**Records**
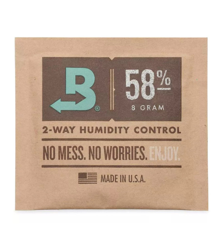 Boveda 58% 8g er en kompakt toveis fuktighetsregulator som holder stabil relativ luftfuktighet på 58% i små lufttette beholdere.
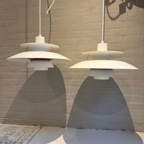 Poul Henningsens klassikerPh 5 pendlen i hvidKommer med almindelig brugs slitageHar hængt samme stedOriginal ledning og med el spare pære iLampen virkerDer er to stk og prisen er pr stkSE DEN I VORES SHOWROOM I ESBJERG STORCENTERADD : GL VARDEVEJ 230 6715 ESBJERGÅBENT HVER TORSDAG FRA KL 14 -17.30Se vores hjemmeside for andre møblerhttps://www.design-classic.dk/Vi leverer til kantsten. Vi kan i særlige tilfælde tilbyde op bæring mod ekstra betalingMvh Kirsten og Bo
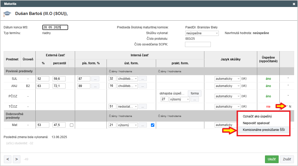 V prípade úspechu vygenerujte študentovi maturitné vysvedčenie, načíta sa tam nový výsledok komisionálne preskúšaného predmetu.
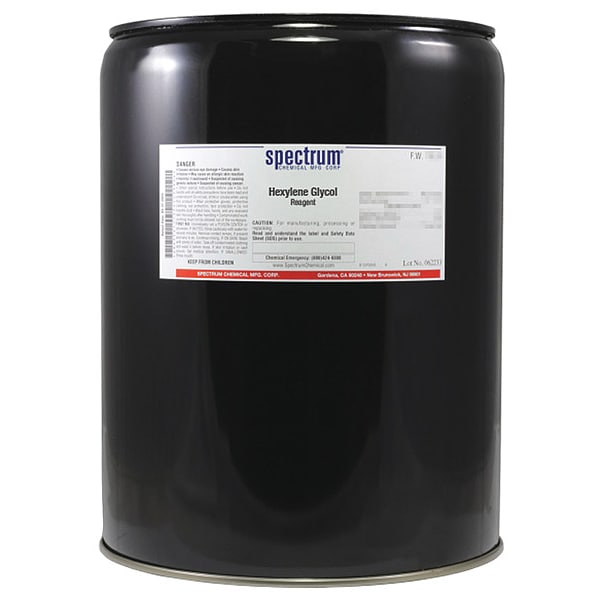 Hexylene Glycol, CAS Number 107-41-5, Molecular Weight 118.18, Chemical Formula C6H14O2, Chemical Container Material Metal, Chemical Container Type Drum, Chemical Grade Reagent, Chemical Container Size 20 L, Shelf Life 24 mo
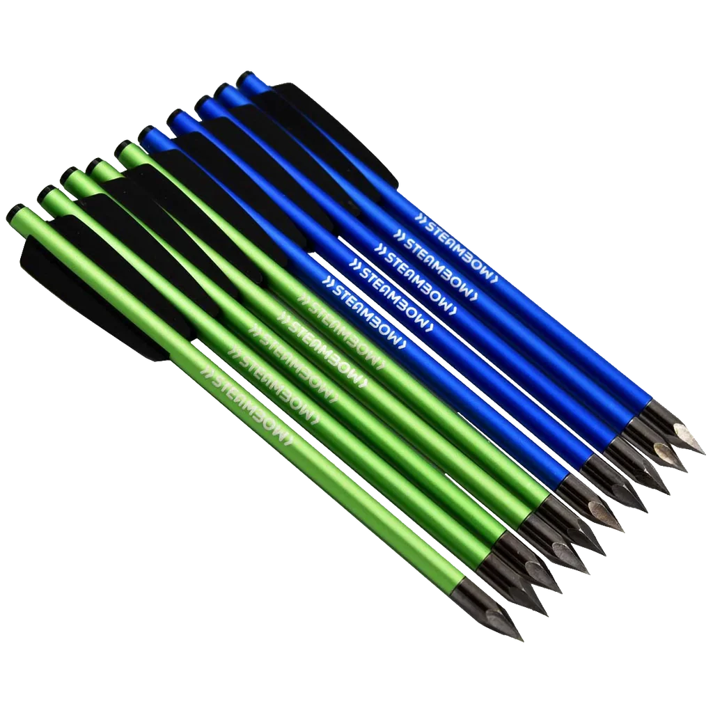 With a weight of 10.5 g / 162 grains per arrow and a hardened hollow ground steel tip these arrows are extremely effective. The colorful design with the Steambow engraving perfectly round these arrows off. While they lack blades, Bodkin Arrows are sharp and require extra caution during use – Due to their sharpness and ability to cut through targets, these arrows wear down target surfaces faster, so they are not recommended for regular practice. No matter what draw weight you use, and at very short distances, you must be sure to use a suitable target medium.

==

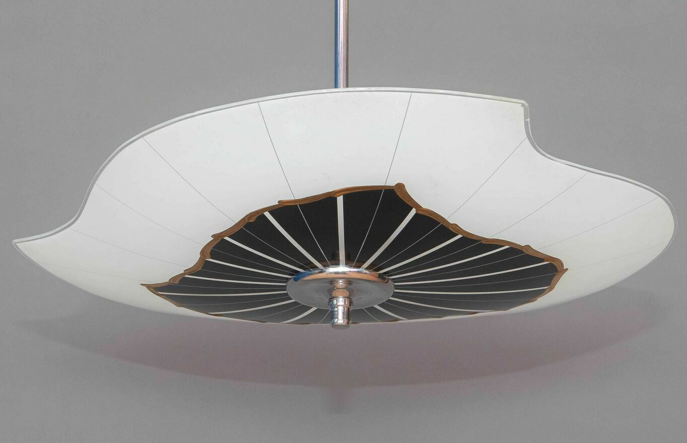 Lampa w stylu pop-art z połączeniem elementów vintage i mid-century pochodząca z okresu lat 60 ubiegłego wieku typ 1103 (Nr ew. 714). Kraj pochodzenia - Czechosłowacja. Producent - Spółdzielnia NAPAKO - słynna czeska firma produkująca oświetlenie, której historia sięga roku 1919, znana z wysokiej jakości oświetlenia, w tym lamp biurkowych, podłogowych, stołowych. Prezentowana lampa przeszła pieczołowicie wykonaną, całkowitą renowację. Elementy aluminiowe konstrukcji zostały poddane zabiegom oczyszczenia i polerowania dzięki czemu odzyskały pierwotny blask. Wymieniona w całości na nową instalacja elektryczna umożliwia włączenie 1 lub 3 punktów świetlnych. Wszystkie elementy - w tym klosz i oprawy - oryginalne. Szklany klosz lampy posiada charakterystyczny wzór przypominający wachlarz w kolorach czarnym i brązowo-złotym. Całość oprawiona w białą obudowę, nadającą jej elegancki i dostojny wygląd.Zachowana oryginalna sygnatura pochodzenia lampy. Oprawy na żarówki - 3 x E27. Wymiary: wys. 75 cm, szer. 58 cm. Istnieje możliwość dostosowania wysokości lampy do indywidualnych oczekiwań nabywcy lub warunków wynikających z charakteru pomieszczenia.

**Problem**
Return the material from the line containing "Boveda 58% 8g" through the line containing "With a weight", exactly and in full, but without its pictures.

**Result**
 Boveda 58% 8g er en kompakt toveis fuktighetsregulator som holder stabil relativ luftfuktighet på 58% i små lufttette beholdere.
 Poul Henningsens klassikerPh 5 pendlen i hvidKommer med almindelig brugs slitageHar hængt samme stedOriginal ledning og med el spare pære iLampen virkerDer er to stk og prisen er pr stkSE DEN I VORES SHOWROOM I ESBJERG STORCENTERADD : GL VARDEVEJ 230 6715 ESBJERGÅBENT HVER TORSDAG FRA KL 14 -17.30Se vores hjemmeside for andre møblerhttps://www.design-classic.dk/Vi leverer til kantsten. Vi kan i særlige tilfælde tilbyde op bæring mod ekstra betalingMvh Kirsten og Bo
 V prípade úspechu vygenerujte študentovi maturitné vysvedčenie, načíta sa tam nový výsledok komisionálne preskúšaného predmetu.
 Hexylene Glycol, CAS Number 107-41-5, Molecular Weight 118.18, Chemical Formula C6H14O2, Chemical Container Material Metal, Chemical Container Type Drum, Chemical Grade Reagent, Chemical Container Size 20 L, Shelf Life 24 mo
 With a weight of 10.5 g / 162 grains per arrow and a hardened hollow ground steel tip these arrows are extremely effective. The colorful design with the Steambow engraving perfectly round these arrows off. While they lack blades, Bodkin Arrows are sharp and require extra caution during use – Due to their sharpness and ability to cut through targets, these arrows wear down target surfaces faster, so they are not recommended for regular practice. No matter what draw weight you use, and at very short distances, you must be sure to use a suitable target medium.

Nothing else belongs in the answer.